Emerging artist Yang-Tsung Fan (范揚宗) explores nightlife in a series of paintings that will be
introduced at Aki Gallery (也趣藝廊) in Taipei
on Saturday.
Photo Courtesy of Aki Gallery
Fan, whose Towards a Dreamy and Glittery Place — Yang-Tsung Fan Solo Exhibition (前往迷離閃爍的地方.范揚宗個展) runs through July 3, will present 17 new works from his Inside the Car (車內) series and six pieces from the Night Life (夜店) series. The latter will be presented on the third floor of the gallery with neon lights to simulate a nightclub environment. DJ M@rio will perform at the opening, which starts at 6pm on Saturday.
In one of the Night Life paintings, a female go-go dancer is seen hanging upside down from a pole on the left half of the painting while six buff men dance under a disco light on the right. In one Inside the Car painting, a view through a car windshield shows several betel nut vending stalls on a rainy day.
“My paintings are about city life because that’s what fascinates me,” Fan told the Taipei Times last week. “Nightclubs, driving, washing your car and mowing the lawn are all scenes particular to the urban landscape.”
In the Night Life series, figures of male homosexual couples and sometimes heterosexual couples hug under glittering disco lights in search of warmth and human connection. The glossy surface and geometric shapes give the works a psychological tension.
“Nightclubs are places where people temporary let go of their inhibitions and find solace in one another,” Fan said. “However, I’m not wholesale gung-ho about these places. Some of the figures are shown drunk or sitting alone.”
Fan’s Car Wash (洗車) and Mowing (割草) paintings employ huge blocks of evenly applied colors and geometric shapes combined with fluid human figures, in a style that is somewhat reminiscent of British painter David Hockney.
“I became obsessed with Hockney in my sophomore year in college and have been trying to shake off his influence ever since,” Fan said.
Despite the stylistic resemblance to Hockney, Fan’s thematic concerns are decidedly local and centered on Taiwan. A native of Hsinchu, Fan has lived in Taipei for 11 years and currently lives in the artist-populated area of Bali District (八里).

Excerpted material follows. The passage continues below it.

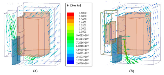 Figure 3 presents the flux density vector distributions in two models without current excitation to verify the original no-load flux loop design, where the mover is located at the starting point. The flux density distributions under the rated current excitation are shown in Figure 4, which are used to verify the design reasonability without core saturation in the full load condition. The ending position of mover is selected, because the core flux density achieves maximum at this moment. In addition, the flux density comparison demonstrates a higher and well distributed flux density in the inner stator of the proposed model 2 with the extra armature excitation in the inner stator.

His life and artistic vision are divided between the two extremes of the glamorous, sexualized world of Taipei nightclubs and the down-and-dirty suburb of Bali. The commuting experience gave birth to his Car Wash and the new Inside the Car series.
“I like to observe people from a safe distance, such as from behind my driving wheel or in the darkness of nightclubs,” Fan explained. “This distance makes me safe to observe human behaviors.”
Fan’s status as an outsider in the capital gives him a fresh perspective on some things that many Taipei residents might take for granted.
“I come from a small town where my home is perched in the middle of the farming field,” Fan said. “The city fascinates me.”
The 29-year-old painter won the Young Art Award at last month’s Young Art Taipei exhibition for one of his new paintings from the Inside the Car series. Fan won an honorable mention in the Taipei Arts Award and an award at the Exhibition of New Perspective Art in Taiwan, both in 2007.